Es sabido que todas las emociones negativas extraen la fuerza del hombre.

Nos ensenaron en los primeros días que el constante abandono a los estados negativos, a la auto-compasión, a las quejas, a las antipatías, al complacerse en la desdicha, al entregarse a la bella arte de discrepar, y a todo el resto, equivale a cortarse una arteria de la muñeca y dejar manar la sangre todo el día —y luego sentirse desdichado.

Ahora bien, las cosas existen y ejercen su poder sobre nosotros por no tener exactamente conciencia de ellas.

Cuanto más inconsciente se es de una cosa, mayor es el poder que ejerce sobre nosotros y más mecánica es nuestra conducta.

Llevar una cosa a la luz de la Conciencia es quitarle su poder.

Para ello, es necesaria una larga observación de sí y mucha paciencia consigo mismo.

Observamos —pero no plenamente—.

Una plena observación de si exige mucho tiempo —años— a veces toda una vida.

Habrán oído decir al maestro del señor Ouspensky que este Trabajo, que proviene de una fuente desconocida, puede llamarse Cristianismo Esotérico.

Dijo que si comprendiéramos verdaderamente lo que los Evangelios nos dicen, veríamos que es exactamente lo que el Trabajo dice.

Daré un ejemplo relativo a lo que acabamos de decir acerca del lado oscuro de nosotros y de la necesidad de llegar a ser más conscientes, citando la parábola que dice que el ojo es la lámpara del cuerpo.

Cristo dice:

"La lámpara del cuerpo es el ojo; cuando tu ojo es bueno, también todo tu cuerpo está lleno de luz; pero cuando tu ojo es maligno- también tu cuerpo está en tinieblas. Mira pues, no suceda que la luz que en ti hay, sea tinieblas. Así que, si todo tu cuerpo está lleno de luz, no teniendo parte alguna de tinieblas, será todo luminoso, como cuando una lámpara te alumbra con su resplandor."
(Lucas, XI, 34-36.)

Aquí Cristo se refiere claramente a la importancia de "no tener parte alguna en tinieblas" en uno mismo —siendo empleado aquí el termino cuerpo por el cuerpo psicológico.

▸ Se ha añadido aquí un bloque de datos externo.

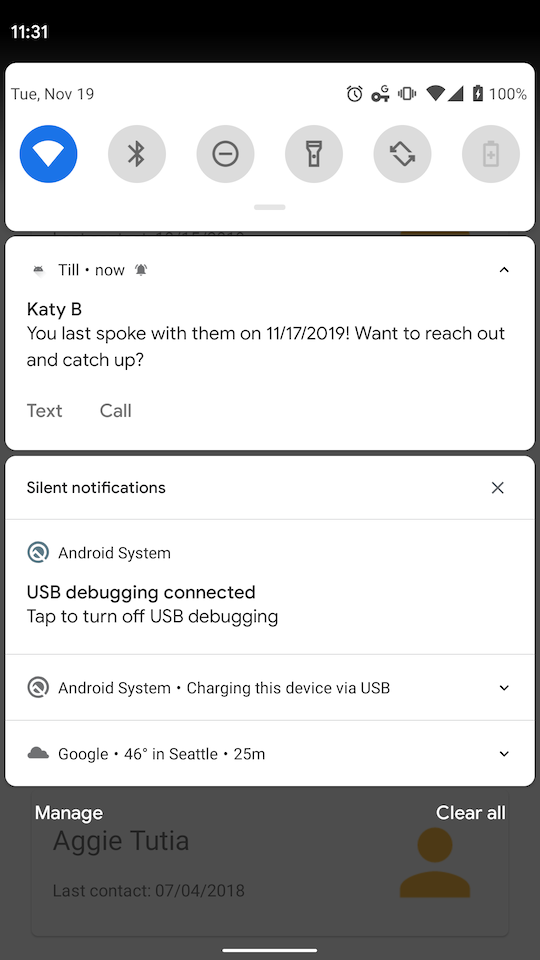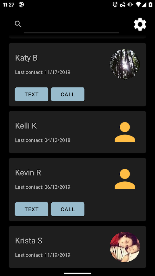 This is a basic application used to keep you in touch with those close to you. It chooses a contact that you haven't spoken to in a while and provides a gentle daily reminder to reach out.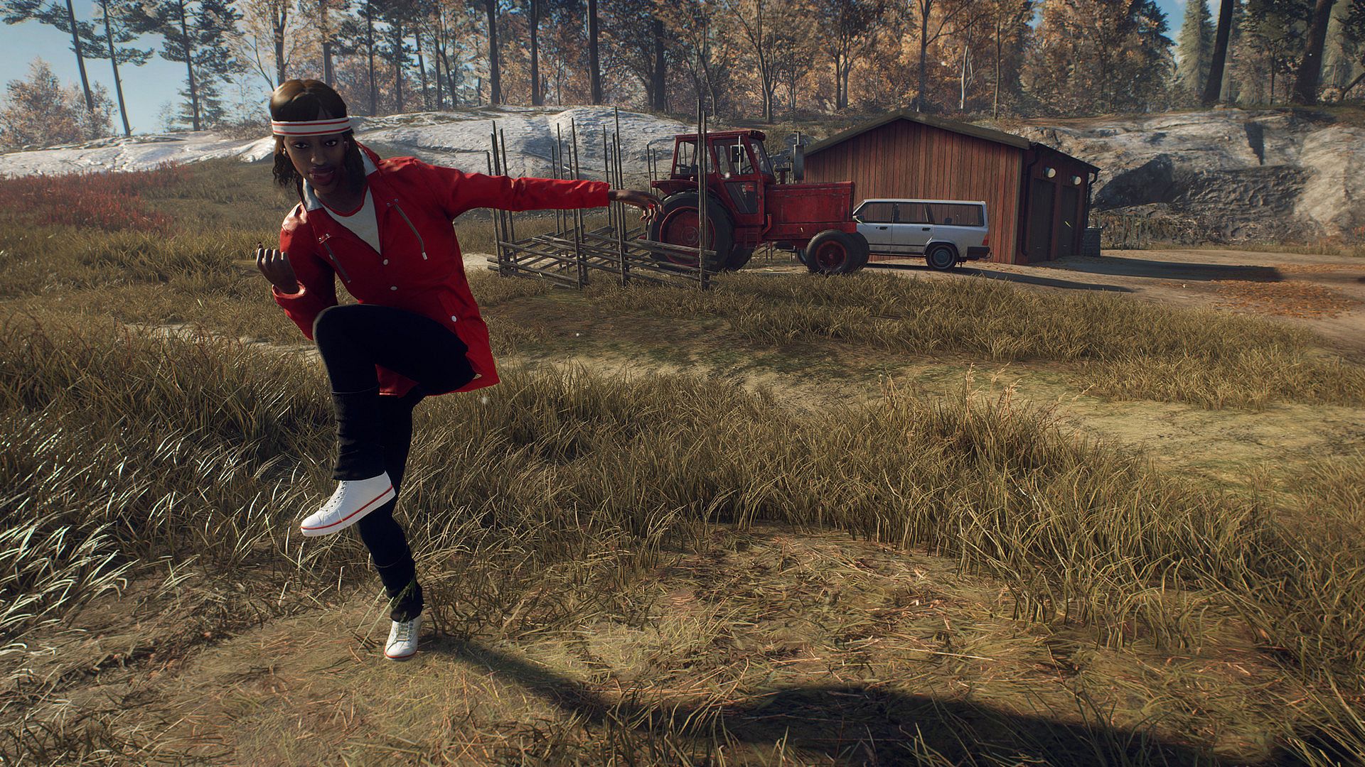 Adorn your character with colorful 80s-inspired outfits in this action adventure expansion for PC. Mix and match four distinct sets-Timeless for guerrilla style with voluminous hair and vests, Swedish Easter for folklore flair with feathered hats and rosy cheeks, Workout for leg warmers and sweatbands, and Rainproof for vibrant yellow jackets and boots. These let you stand out while battling machines in dreary Swedish weather or spring sunshine. Unlock six fresh emotes to groove with boombox beats, including Rickroll, Chicken Dance, Skip Pop, and Aerobics moves, plus bunny ears and cheers. Dance like a true Swede amid hostile robots. Fans of stylish survival action who love customizing looks and expressive animations will enjoy the retro flair.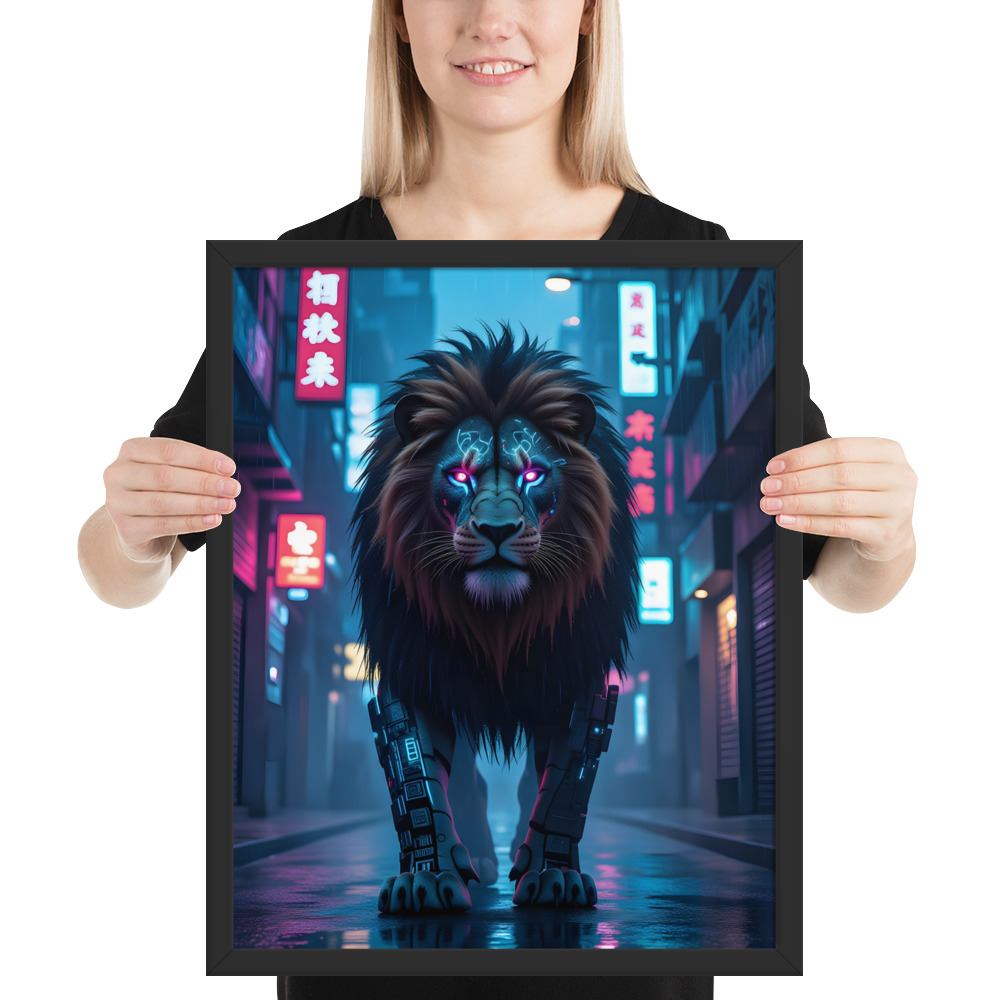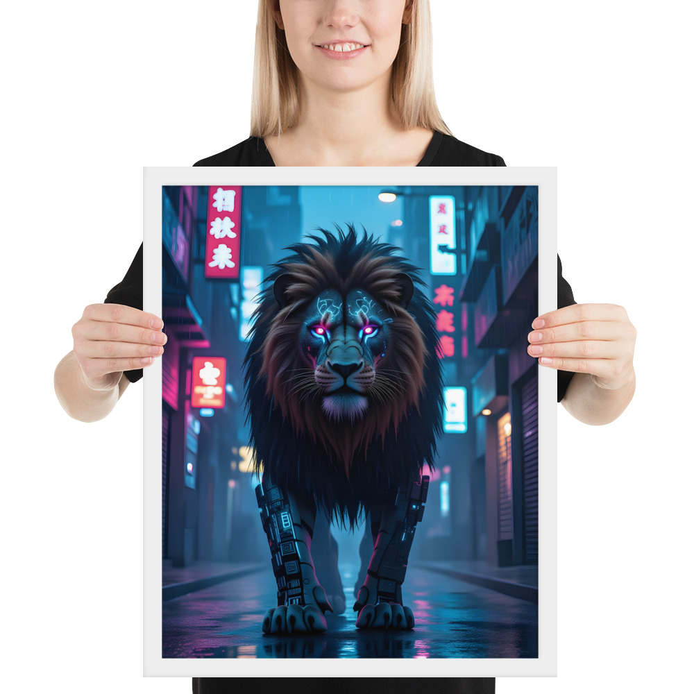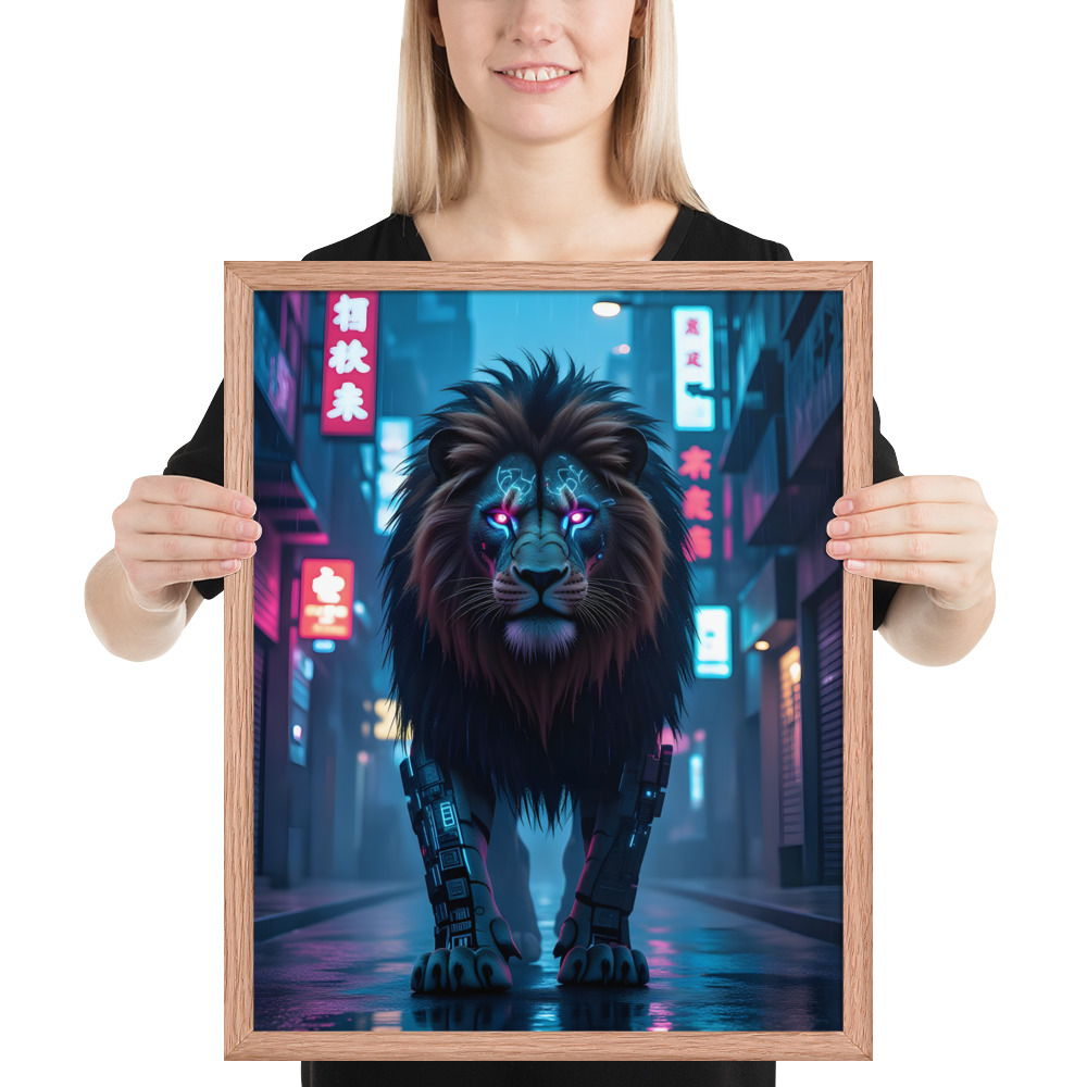 Unleash futuristic dominance with this electrifying Cyberpunk Lion Robot framed matte poster. A massive cybernetic lion with glowing neon-pink eyes and mechanical legs stalks through a rain-drenched, neon-soaked Asian cyberpunk street - pure Blade Runner meets king of the jungle. Perfect for sci-fi fans, gamers, modern lofts, offices, or any space craving high-impact futuristic art. Printed on premium enhanced matte paper with vivid neon colours and professionally framed in your choice of black, white, or natural oak wood frame. Available in 8×10, 11×14, 16×20, and 20×30 inches.Key Features: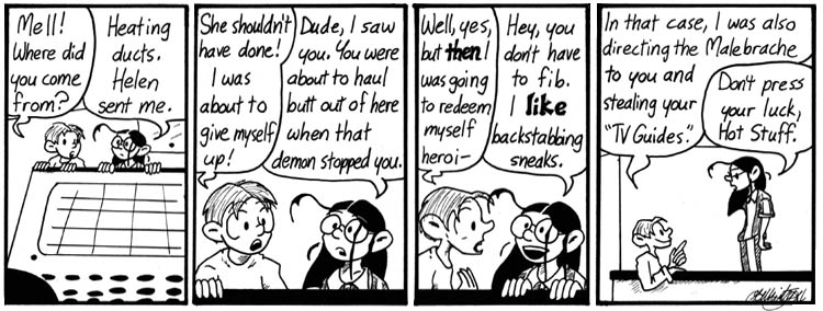 Mell calls Caliban “Hot Stuff” as a reference to Hot Stuff, The Little Devil, but also to him being hot. I worried about this ambivalence, but in the end I decided to leave the line in. Way, way back in the earliest days of Modern Tales, Joey Manley fantasized about getting the rights to Harvey Comics and making all the Modern Tales artists draw their versions of the characters. I think I was supposed to draw either Hot Stuff or Wendy the Good Little Witch.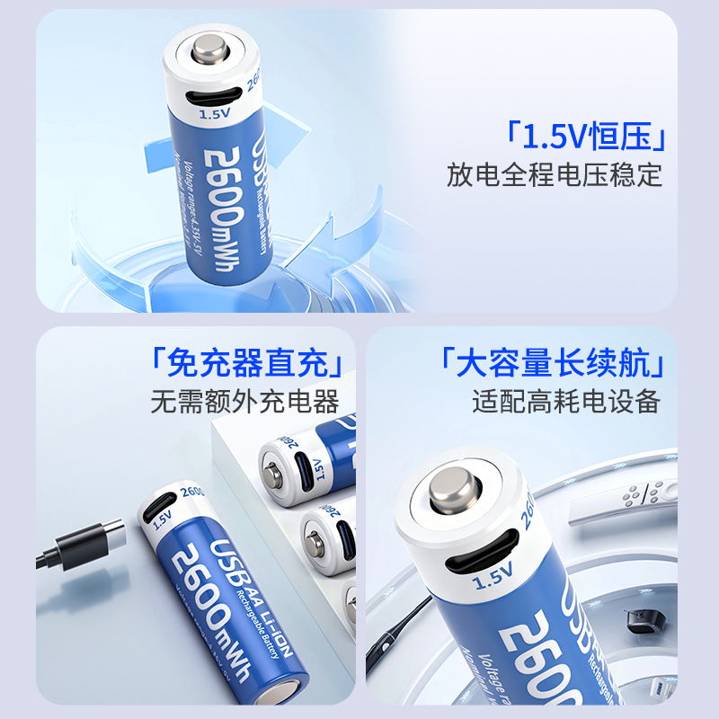 usb充电电池5号AA1.5V恒压智能锁遥控锂电池2600mWh锂离子电池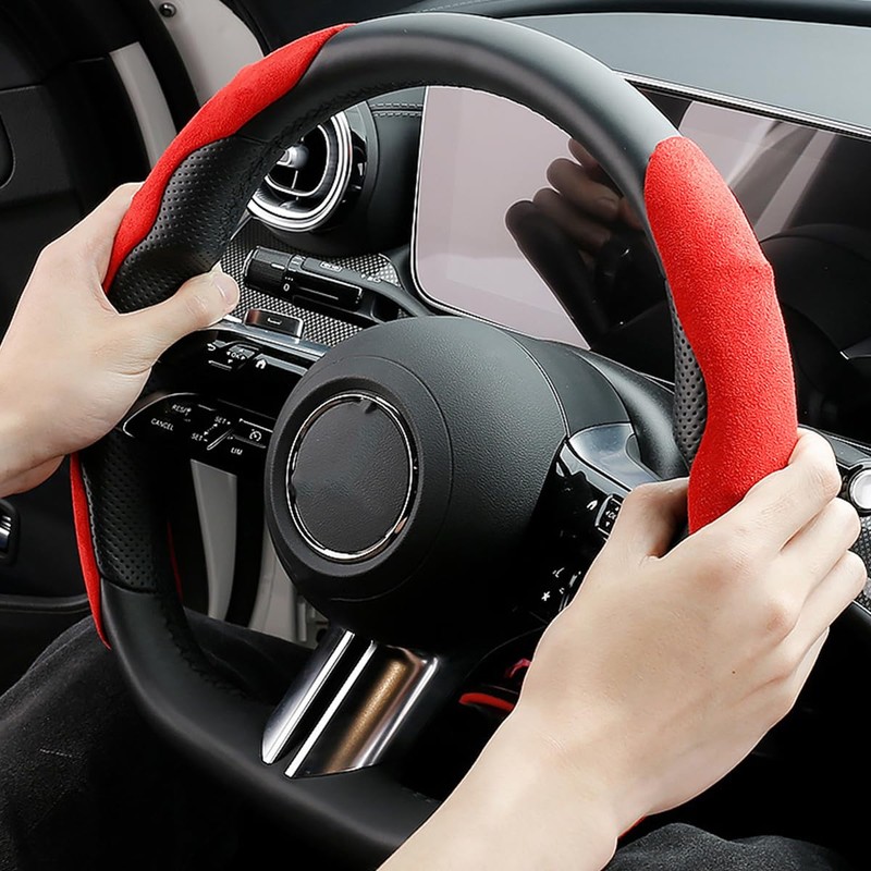- 【UNIVERSAL TYPE】This sporty high quality luxury suede steering wheel cover is universal and can be used on round or D shaped steering wheels up to 15 inches in diameter and is compatible with most models of cars, trucks, RVs, SUVs, vans and more. Add a personal touch to your car steering wheel.
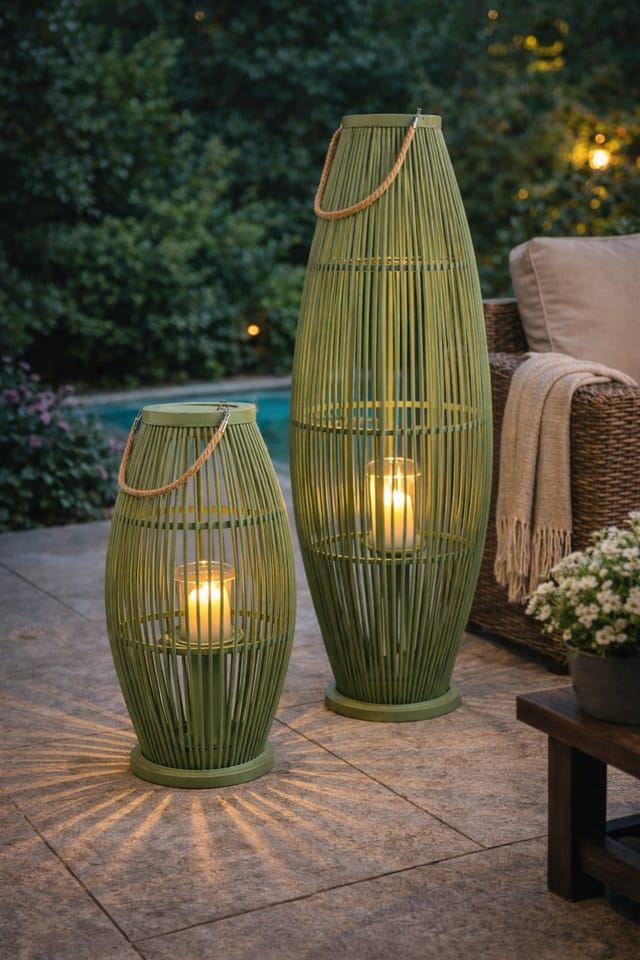 LUCIE GREEN Lampion drewniany zielony z szklanym wkładem Mondex since 1986Lampion LUCIE GREEN to elegancka ozdoba, która wprowadza ciepły i przytulny klimat do każdego wnętrza oraz ogrodu. Dzięki swojej unikalnej formie i kolorze stanowi idealne rozwiązanie dla osób pragnących wzbogacić swoją przestrzeń o wyjątkowy element wystroju.Kluczowe cechyWykonanie z wysokiej jakości drewnagładka powierzchnia z przyjemnym odcieniem zielonymszklany wkład lampionu dodający elegancjiaerodynamiczny kształt wpływający na estetycznośćprzyciągający uwagę designDlaczego warto wybrać LUCIE GREENLampion LUCIE GREEN z drewna to połączenie nowoczesności i klasyki. Jego delikatny, zielony odcień doskonale wpisuje się w aktualne trendy aranżacyjne. Dzięki ażurowej formie, światło prześwitujące przez drewno tworzy magiczny nastrój przy każdej okazji. To idealny wybór zarówno do domu, jak i na taras, który nadaje się na każdą porę roku.Zastosowanie i pielęgnacjaLampion LUCIE GREEN jest nie tylko stylowym elementem dekoracyjnym, ale również praktycznym. Aby cieszyć się jego pięknem przez długie lata, zaleca się regularne czyszczenie drewna przy użyciu delikatnych środków czyszczących oraz unikanie wystawiania na intensywne działanie warunków atmosferycznych.Dane techniczneWymiary 35x35x84cm/106cmMateriał drewno i szkłoKolor zielonyKompatybilność do użytku wewnętrznego oraz zewnętrznego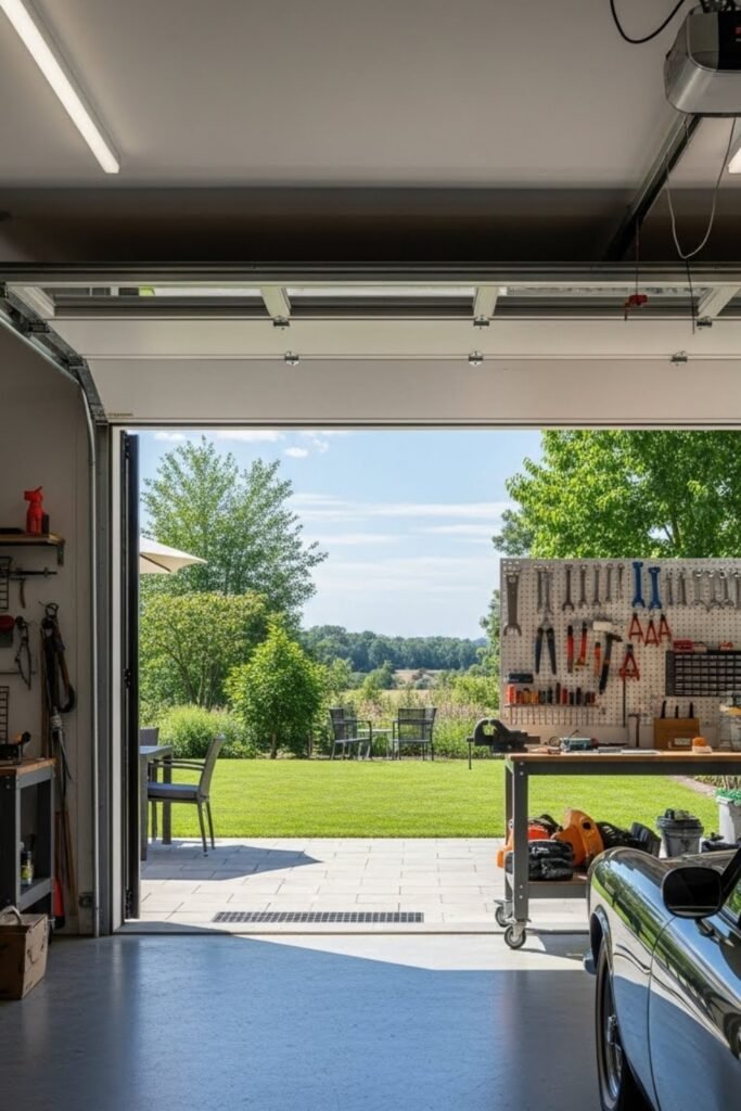 It works well for outdoor projects, entertaining, or flexible work use while still functioning as a standard garage when closed.

Ahora bien, actuar mecánicamente es malo y actuar conscientemente no es malo.

Si fuéramos una unidad —esto es, una sola y única cosa— actuaríamos conscientemente.

Pero no somos una unidad sino una pluralidad —una multitud de diferentes "Yoes" que no conocemos, que no observamos.

Estas son las tinieblas.

Así el Trabajo habla tantas veces de dejar entrar ese Rayo de Luz en nuestras tinieblas por medio de la observación de sí.



NOTA SOBRE LA OBSERVACION DE SI

Siempre es necesario en el Trabajo que las cosas sean claras, que las conexiones sean correctas, que se luche contra la imaginación, que se combatan las mentiras y se separe uno de los estados negativos.

Todo puede unirse incorrectamente.

Todo, lo repito, puede conectarse equivocadamente, puede tomarse erróneamente, no comprenderse bien, etc.

Por eso se necesita un esfuerzo de la mente para que las cosas sean más claras.

Advierta su credulidad ante las mentiras casi evidentes.

Repare en la maledicencia y en el efecto que le producen.

Repare en la propaganda.

En suma, advierta cuan fácilmente un hombre, una mujer, suelen ser hipnotizados.

Nuestros centros trabajan casi en las tinieblas.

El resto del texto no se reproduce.